A mecânica de perder boa parte dos seus recursos (e todos os itens raros!) ao morrer é contraintuitiva e gera um grande nível de desconforto no jogador, pois se ele estiver em combate, ele não pode voltar para a base, então entrar em combate acaba ou com ele sendo vitorioso ou com ele perdendo 70% de seus recursos.
Isso torna lutas contra chefões extremamente frustrantes, pois é impossível saber quais as estratégias necessárias para matá-los (e é necessário ter elas em mente desde o início da run para executá-las), deixando um grande sentimento “azedo” em todo o primeiro encontro com um chefão, pois o jogador sabe que provavelmente não vai sobreviver à luta e consequentemente perderá seus recursos.

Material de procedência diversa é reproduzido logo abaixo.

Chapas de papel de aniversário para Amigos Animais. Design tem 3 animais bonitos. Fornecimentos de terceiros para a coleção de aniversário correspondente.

É bom notar que isso pode ser evitado com um recurso que é ganhado ao matar um boss, que permite que você mantenha 100% de seus recursos ao morrer; porém, para obtê-los na quantidade necessária para manter seus recursos após uma luta de chefe, é necessário o famigerado grinding, que acaba trazendo o mesmo fator de frustração.
Todos esses pontos negativos (e muitos outros) estragam completamente algo que poderia ser uma boa experiência em troca de outra extremamente longa e frustrante, com pouquíssima variação e muitas mecânicas desperdiçadas.
O feio
Além de todos esses problemas, acho necessário dedicar uma parte dessa análise para ver o jogo por um viés mais pessoal e demonstrar transparência, pois eu não consegui terminar Loop Hero.

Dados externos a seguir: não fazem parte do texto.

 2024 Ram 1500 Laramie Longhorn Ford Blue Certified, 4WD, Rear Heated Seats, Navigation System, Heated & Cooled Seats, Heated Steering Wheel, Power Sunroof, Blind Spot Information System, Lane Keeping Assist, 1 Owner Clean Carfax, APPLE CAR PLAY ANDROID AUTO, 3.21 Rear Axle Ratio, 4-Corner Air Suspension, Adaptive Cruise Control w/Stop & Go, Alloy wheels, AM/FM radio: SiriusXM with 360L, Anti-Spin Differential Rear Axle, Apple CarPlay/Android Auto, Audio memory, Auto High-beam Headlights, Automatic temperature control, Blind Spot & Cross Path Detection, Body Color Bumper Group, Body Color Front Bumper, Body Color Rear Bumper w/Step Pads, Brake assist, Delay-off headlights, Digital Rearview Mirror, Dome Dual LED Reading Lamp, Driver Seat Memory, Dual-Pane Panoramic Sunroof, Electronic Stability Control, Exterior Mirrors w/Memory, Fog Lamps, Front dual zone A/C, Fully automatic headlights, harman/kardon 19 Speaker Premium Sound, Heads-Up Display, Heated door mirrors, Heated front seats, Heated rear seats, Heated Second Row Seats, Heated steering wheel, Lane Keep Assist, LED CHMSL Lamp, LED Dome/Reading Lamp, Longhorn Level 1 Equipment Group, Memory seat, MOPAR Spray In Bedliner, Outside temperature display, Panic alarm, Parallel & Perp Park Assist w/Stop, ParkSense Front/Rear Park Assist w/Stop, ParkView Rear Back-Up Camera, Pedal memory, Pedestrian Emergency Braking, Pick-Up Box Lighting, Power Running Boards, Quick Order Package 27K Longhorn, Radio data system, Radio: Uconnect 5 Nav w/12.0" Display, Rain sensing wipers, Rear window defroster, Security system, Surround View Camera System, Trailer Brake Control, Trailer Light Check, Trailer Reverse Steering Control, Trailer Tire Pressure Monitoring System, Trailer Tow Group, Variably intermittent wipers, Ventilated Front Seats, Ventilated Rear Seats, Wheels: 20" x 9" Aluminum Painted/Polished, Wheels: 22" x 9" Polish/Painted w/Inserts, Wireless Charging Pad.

Isso pode até estragar a validade da análise para alguns, mas eu joguei 27 horas do jogo, terminando três dos quatro capítulos antes de finalmente desistir. Tendo recebido o jogo com antecedência, vários problemas de crashes me fizeram largar a minha jogatina.
Em uma das vezes, eu perdi uma run de 30 minutos, e na outra perdi mais de 40 minutos no chefão do terceiro capítulo. Eu acabei terminando o terceiro capítulo no fim das contas, mas mais de uma hora de gameplay foi jogada fora com esses crashes.

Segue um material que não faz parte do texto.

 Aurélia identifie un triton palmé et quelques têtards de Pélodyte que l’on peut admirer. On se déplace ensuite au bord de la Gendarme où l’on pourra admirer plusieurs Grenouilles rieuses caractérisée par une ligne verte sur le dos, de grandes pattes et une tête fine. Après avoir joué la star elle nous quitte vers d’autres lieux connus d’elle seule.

Além disso, a enorme falta de variedade já citada anteriormente faz da experiência algo extremamente entediante e frustrante, já que a única coisa que o jogador pode fazer para passar de um capítulo é grindar, que eu senti que é uma enorme perda de tempo.
Existem vários jogos como World of Warcraft, Payday 2, Slay the Spire e outros que requerem muito tempo e dedicação do jogador à um loop de gameplay repetitivo para conquistar algo dentro dele, mas isso não é algo necessariamente ruim (como eu já comentei na análise de Scott Pilgrim); no entanto, em Loop Hero o grind não traz nada de novo ou interessante para a dinâmica do jogo, mesmo sendo obrigatório para terminá-lo.
Então este é meu aviso para quem está interessado no jogo: o grind é sem graça pois o loop de gameplay não é satisfatório o suficiente para justificá-lo, e ele ainda pode ser relativamente instável com crashes (estes são provavelmente relacionados às cartas de ouro do jogo).
…Vale a pena?
Loop Hero possui muitas qualidades como uma história boa e temas interessantes, além de gráficos executados de maneira fiel aos vários estilos passados e uma gameplay muito única, mas ele peca severamente em sua variedade e balanceamento. A longa jornada pode até se tornar mais fácil de aguentar ao seguir um guia ou algo parecido, mas jogar Loop Hero sem saber nada sobre o que ele é pode torná-lo uma experiência dolorosa.
Uma cópia gratuita de Loop Hero para a plataforma PC foi concedida pela Devolver Digital para análise no Recanto do Dragão.